2.6. Verweerder dient voor wat betreft [appellanten sub 1] en [appellant sub 2A] en [appellant sub 2B] in de proceskosten te worden veroordeeld. Voor wat betreft [appellanten sub 3] bestaat geen aanleiding voor een proceskostenveroordeling.
De Afdeling bestuursrechtspraak van de Raad van State
Recht doende in naam der Koningin:
I. verklaart de beroepen van [appellanten sub 1] en [appellant sub 2A] en [appellant sub 2B] voorzover het betreft de goedkeuring van het plandeel zoals weergeven op de bij deze uitspraak behorende gewaarmerkte kaart gegrond;
II. vernietigt het besluit van het college van gedeputeerde staten van Gelderland van 22 juli 2003, no.
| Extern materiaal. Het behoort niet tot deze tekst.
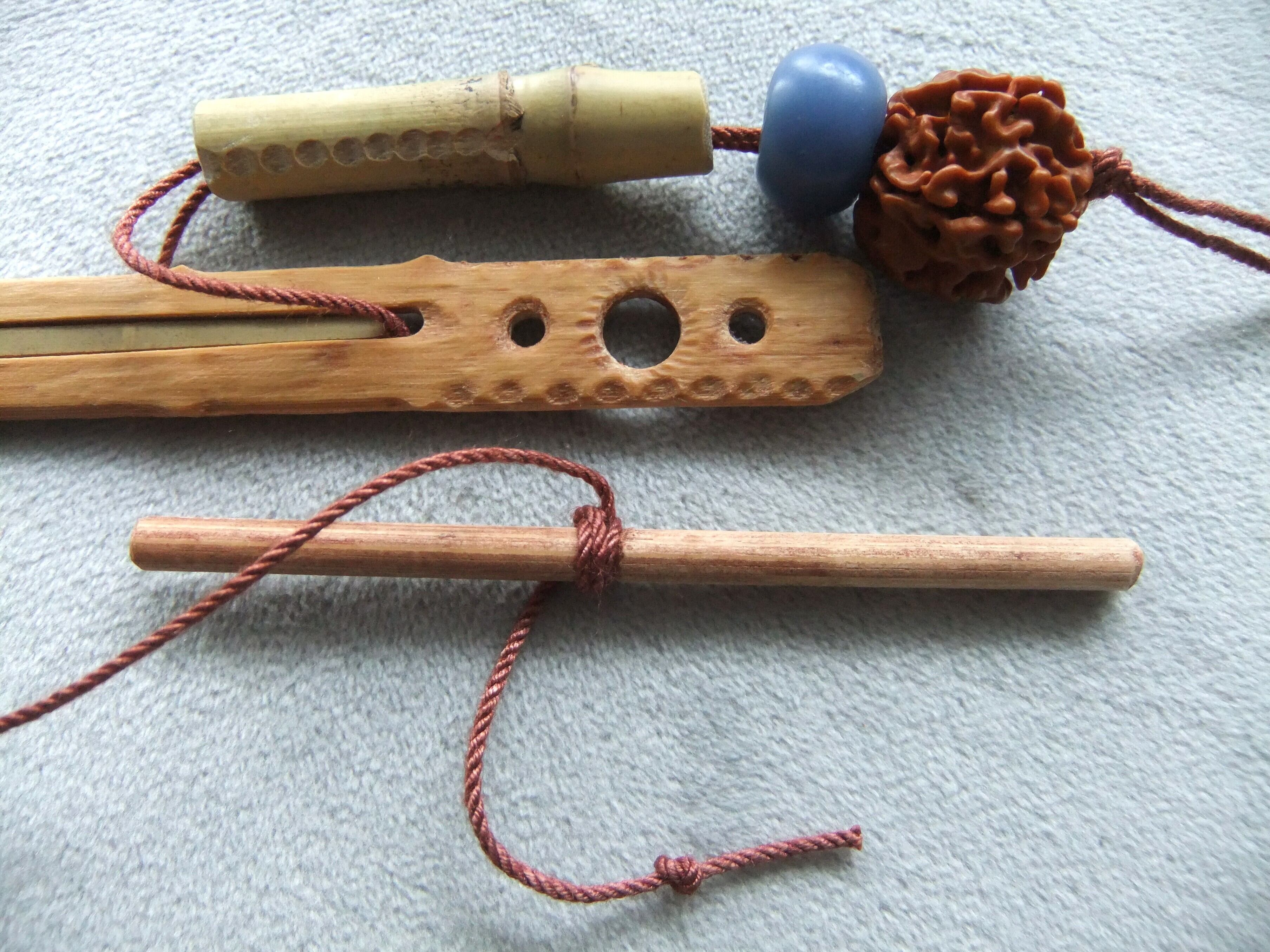 ※持ち手の部分は、紐に指をとおさず、竹筒と本体を同時に握って演奏するように仕上げています
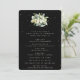 A black wedding program/order of ceremony, with a listing for a small wedding party and a thank you message on the back. Featuring an elegant bouquet/posy of hand painted snowberries and eucalyptus and a scattering of dots. All text is fully editable. Please view this Collection in my store for programs with alternative wording/layouts and in different sizes/colours/shapes. Coordinating items also available.
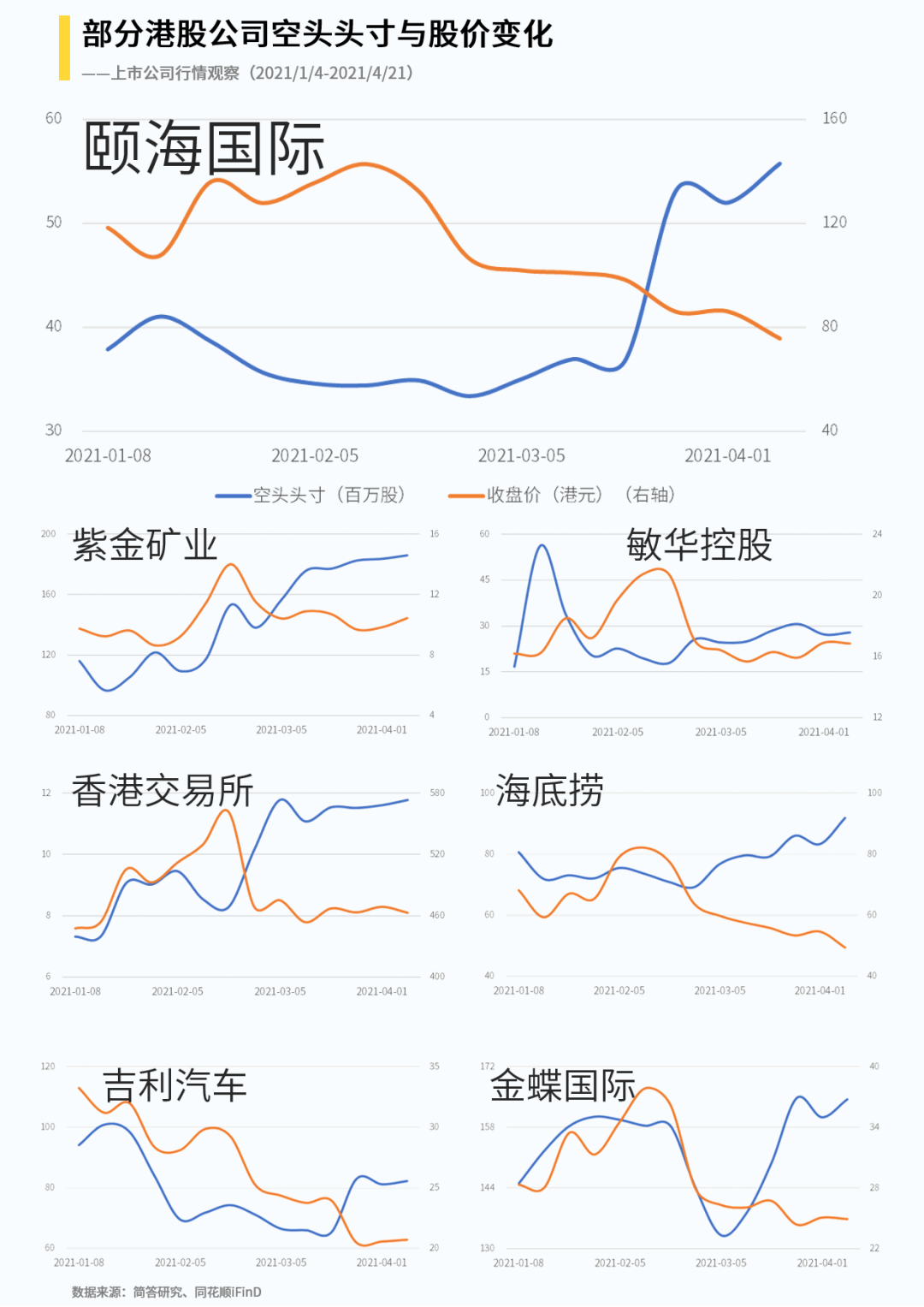 我们看看颐海国际的空头仓位情况,这波股价下跌的后半段,伴随着明显的空头仓位上升,老外玩到这里就是图穷匕见的感觉。我拉了南向资金持股市值前50的港股公司清单,其中不少大公司最近都有这样的走势:

RE2002.118431, voorzover het de goedkeuring van het plandeel aangeduid op de bij deze uitspraak behorende gewaarmerkte kaart betreft;
III. onthoudt goedkeuring aan het plandeel genoemd onder II.;
IV. bepaalt dat deze uitspraak in de plaats treedt van het besluit voorzover dit is vernietigd;
V. verklaart de beroepen van [appellanten sub 1] en [appellant sub 2A] en [appellant sub 2B], voor het overige, en het beroep van [appellanten sub 3], geheel, ongegrond;
VI. veroordeelt het college van gedeputeerde staten van Gelderland in de door [appellanten sub 1] en [appellant sub 2A] en [appellant sub 2B] in verband met de behandeling van hun beroepen gemaakte proceskosten tot een bedrag van € 1741,05; het bedrag dient door de provincie Gelderland als volgt te worden betaald aan appellanten:
- € 805,00 voor [appellanten sub 1], welk bedrag geheel is toe te rekenen aan door een derde beroepsmatig verleende rechtsbijstand;
- € 936,05 voor [appellant sub 2A] en [appellant sub 2B], waarvan € 805,00 is toe te rekenen aan door een derde beroepsmatig verleende rechtsbijstand;
VII. gelast dat de provincie Gelderland aan [appellanten sub 1] en [appellant sub 2A] en [appellant sub 2B] het door hen voor de behandeling van hun beroepen betaalde griffierecht (€ 116,00 voor elk van hen) vergoedt.
Aldus vastgesteld door mr. P.J.J. van Buuren, Voorzitter, en mr. H.Ph.J.A.M. Hennekens en mr. P.C.E. van Wijmen, Leden, in tegenwoordigheid van mr. C.M. Nollen, ambtenaar van Staat.